Genetically-encoded tools like channelrhodopsin have revolutionized neuroscience, but they are usually useful only when selectively expressed in functionally meaningful subsets of neurons. In this talk I will present several recent advances from my lab for achieving this.
First, I will describe two new classes of deletion-mutant rabies viral vectors that leave transduced cells alive and healthy indefinitely. Recombinant rabies viral vectors have proven very useful in neuroscience for applications including retrograde targeting of projection neurons and monosynaptic tracing, but their cytotoxicity has usually limited their use to short-term experiments. We recently introduced second-generation, double-deletion-mutant rabies viral vectors that have little or no detectable toxicity and showed that they are efficient means of retrogradely targeting projection neurons by direct infection of their axons; however, it has not been shown that monosynaptic tracing - i.e., labeling inputs to specific neuronal populations of interest - is possible with second-generation vectors. Here I will present a complete second-generation system for identification of inputs to genetically-defined neurons in Cre mouse lines. This new system for labeling presynaptic neurons with a nontoxic virus will allow long-term imaging and manipulation of neurons precisely selected on the basis of their connectivity to a targeted postsynaptic population. I will also give a sneak preview of a third-generation monosynaptic tracing system that is also nontoxic but that has fewer moving parts, and is much more efficient, than the second-generation system.
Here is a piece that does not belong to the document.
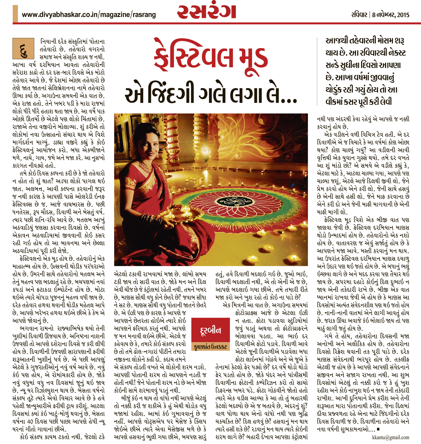 આ દિવાળીએ જિંદગીને પ્રોમિસ આપો કે હું તને પૂરેપૂરી જીવીશ ‘દિવ્ય ભાસ્કર’ના વિશેષ દિવાળી અંક ‘ઉત્સવ’ માં પ્રસિધ્ધ થયેલો લેખ…

In the second part of the talk, time permitting, I will describe a novel approach to the problem of cell-type-specific transgene expression in wild-type animals. Directing expression of transgenes to specific cell types in vivo is critical for many branches of biology, but it typically requires creation of transgenic lines, which is impractical for most species. I will show that using an endogenous protein as a scaffold for intracellular assembly of split transcription factors allows expression of transgenes specifically in cells that express the targeted protein. Our prototype system targets calretinin, a calcium binding protein characteristic of important interneuronal subtypes in cerebral cortex and elsewhere in the brain. The system can be delivered by adeno-associated viral vectors and causes expression of green fluorescent protein or channelrhodopsin specifically in calretinin-expressing interneurons in the cortex, hippocampus, and retina of wild-type mice and rats, allowing targeted electrophysiological recording or optogenetic control of these neurons' activity. Finally, I will show that the system is strongly species-independent, potentially allowing eventual adaptation for clinical use.
Ian Wickersham is a Principal Research Scientist and laboratory head at the McGovern Institute for Brain Research at MIT, where he develops virus-based genetic techniques for understanding the organization of the brain. His laboratory is focused on engineering methods for targeting transgene expression to specific neuronal populations based on their connectivity and gene expression profiles, to allow their study and manipulation using optogenetics and other techniques.